* _What you have to do_
Where a picture appears in the data below, exclude it; restate everything else word for word.
*** Data excerpt Section Begins ***
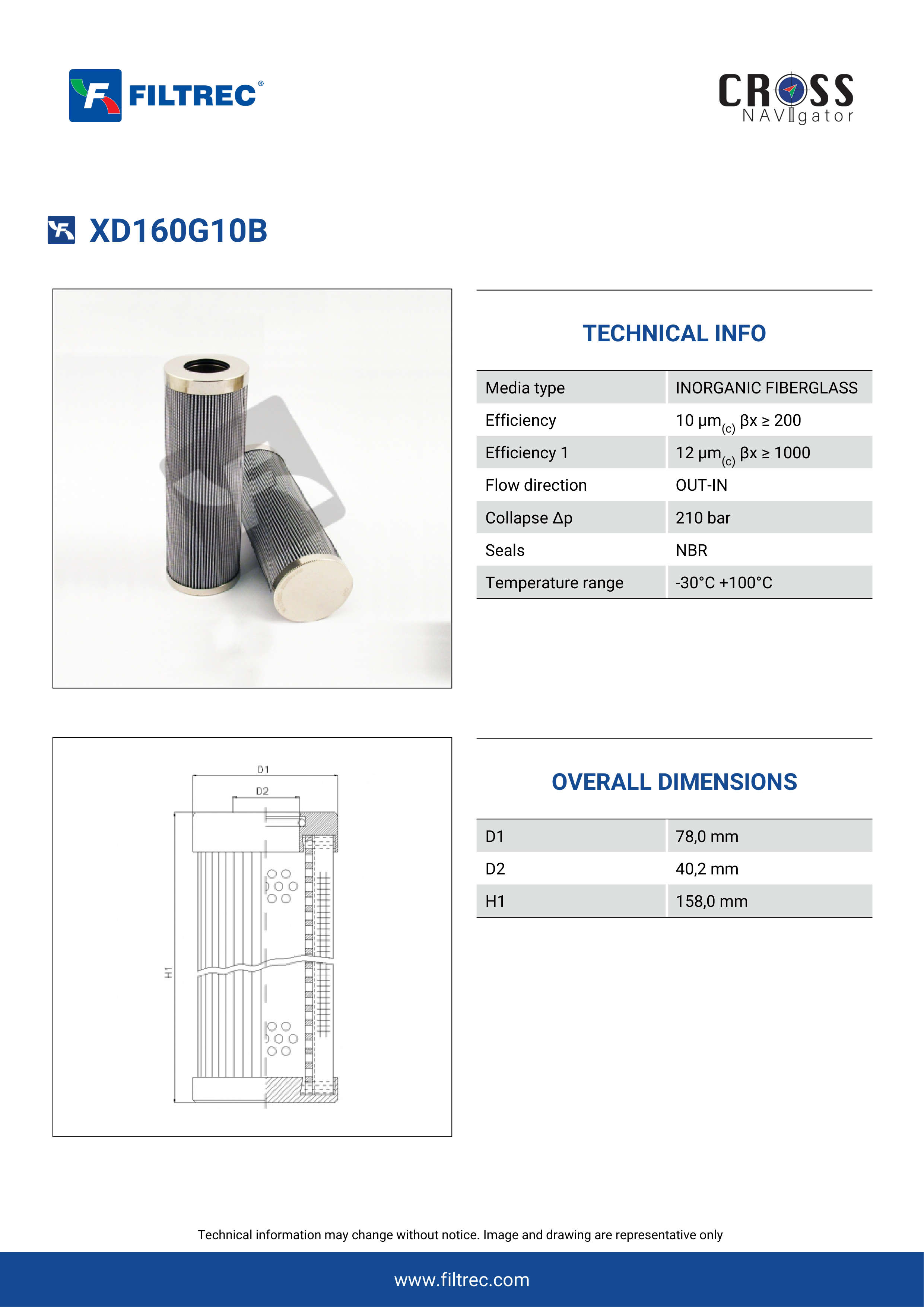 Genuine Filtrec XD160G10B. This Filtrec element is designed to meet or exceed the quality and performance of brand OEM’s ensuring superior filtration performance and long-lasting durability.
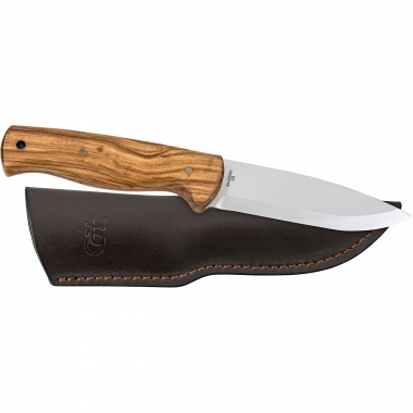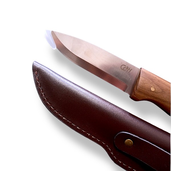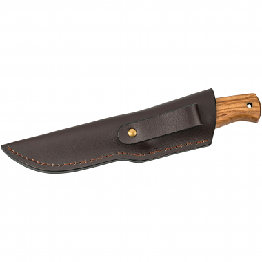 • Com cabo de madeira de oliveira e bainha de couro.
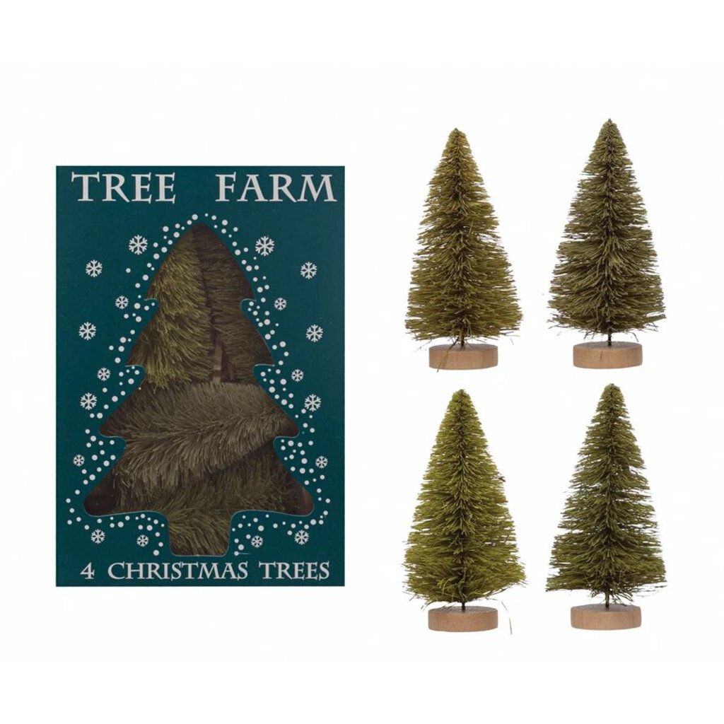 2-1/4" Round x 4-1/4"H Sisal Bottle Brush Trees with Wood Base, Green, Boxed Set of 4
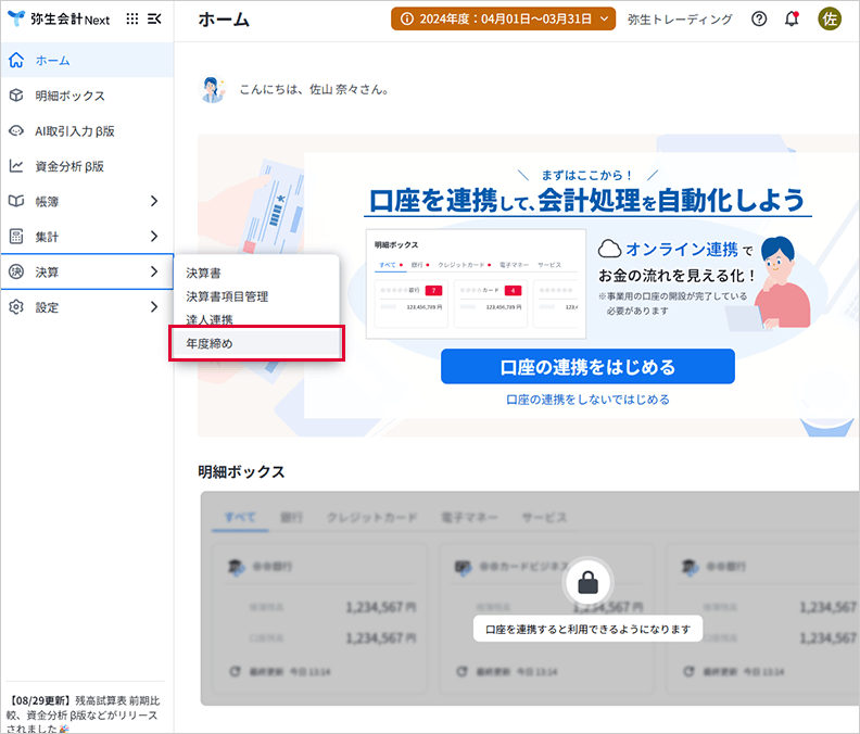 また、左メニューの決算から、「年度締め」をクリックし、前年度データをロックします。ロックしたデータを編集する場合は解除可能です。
*** Data excerpt Section Ends ***
* _Answer section_
 Genuine Filtrec XD160G10B. This Filtrec element is designed to meet or exceed the quality and performance of brand OEM’s ensuring superior filtration performance and long-lasting durability.
 • Com cabo de madeira de oliveira e bainha de couro.
 2-1/4" Round x 4-1/4"H Sisal Bottle Brush Trees with Wood Base, Green, Boxed Set of 4
 また、左メニューの決算から、「年度締め」をクリックし、前年度データをロックします。ロックしたデータを編集する場合は解除可能です。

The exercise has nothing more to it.